The next sound that comes out of him is low and broken, as he hits the shelf behind him. It shakes slightly, making a few boxes of tissues fall forward, landing next to Mamá’s pale face.

"Fuck," the man grits out, and I swear it sounds like he's crying.

I watch as he tries to stand, his boots slipping in the blood, one hand grabbing at the shelf beside him for balance. He goes down on one knee before he gets upright, his movements slow and clumsy, dropping the knife in the process. There’s nothing coordinated about any of it.

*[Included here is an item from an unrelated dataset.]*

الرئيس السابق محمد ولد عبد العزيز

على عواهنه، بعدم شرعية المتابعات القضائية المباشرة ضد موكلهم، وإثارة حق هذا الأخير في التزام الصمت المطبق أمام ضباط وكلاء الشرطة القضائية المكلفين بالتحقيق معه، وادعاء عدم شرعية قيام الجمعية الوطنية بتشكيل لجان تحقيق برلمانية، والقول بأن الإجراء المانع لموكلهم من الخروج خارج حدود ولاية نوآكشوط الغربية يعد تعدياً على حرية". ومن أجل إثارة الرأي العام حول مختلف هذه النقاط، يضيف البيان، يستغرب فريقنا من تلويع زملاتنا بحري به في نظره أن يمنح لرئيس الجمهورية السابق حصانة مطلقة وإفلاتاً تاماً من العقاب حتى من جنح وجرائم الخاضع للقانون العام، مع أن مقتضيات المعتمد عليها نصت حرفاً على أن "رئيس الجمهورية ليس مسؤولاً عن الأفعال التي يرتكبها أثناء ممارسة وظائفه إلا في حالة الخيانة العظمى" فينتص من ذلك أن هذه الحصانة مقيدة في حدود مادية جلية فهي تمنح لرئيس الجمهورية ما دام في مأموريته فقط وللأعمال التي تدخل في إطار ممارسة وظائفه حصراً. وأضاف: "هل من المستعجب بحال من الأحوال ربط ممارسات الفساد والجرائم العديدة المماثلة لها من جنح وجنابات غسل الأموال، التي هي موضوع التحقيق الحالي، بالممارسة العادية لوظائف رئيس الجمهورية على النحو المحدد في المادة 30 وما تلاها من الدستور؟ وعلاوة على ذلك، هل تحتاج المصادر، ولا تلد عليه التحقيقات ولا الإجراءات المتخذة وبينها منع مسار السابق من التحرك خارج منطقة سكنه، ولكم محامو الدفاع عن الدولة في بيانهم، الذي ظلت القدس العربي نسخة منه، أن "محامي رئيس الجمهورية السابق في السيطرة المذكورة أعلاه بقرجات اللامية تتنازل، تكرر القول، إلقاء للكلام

He finally straightens up and sways slightly, his head turning as his blown-out eyes sweep the wreckage around him. The shelves. The floor. My mother.

Then he stills.

He looks down at something near his feet, then he bends down and picks it up.

A soda can?

Most of the red color has been scratched off, and it’s dented along one side.

His fingers curl around the metal, and the fluorescent light catches the exposed aluminum, throwing off a thin gleam across the ceiling, and I can’t look away from it.

I don’t see anything else.

Just the can.

The man’s bloody fingers wrap around it like it's something precious, something worth saving, and I watch as a single drop of blood forms at the tip of his pinky finger. It hangs there for a moment, trembling, catching the light the same way the can does.

Then it falls, sticky and wet, hitting the floor with a soft tap.

And I fall apart.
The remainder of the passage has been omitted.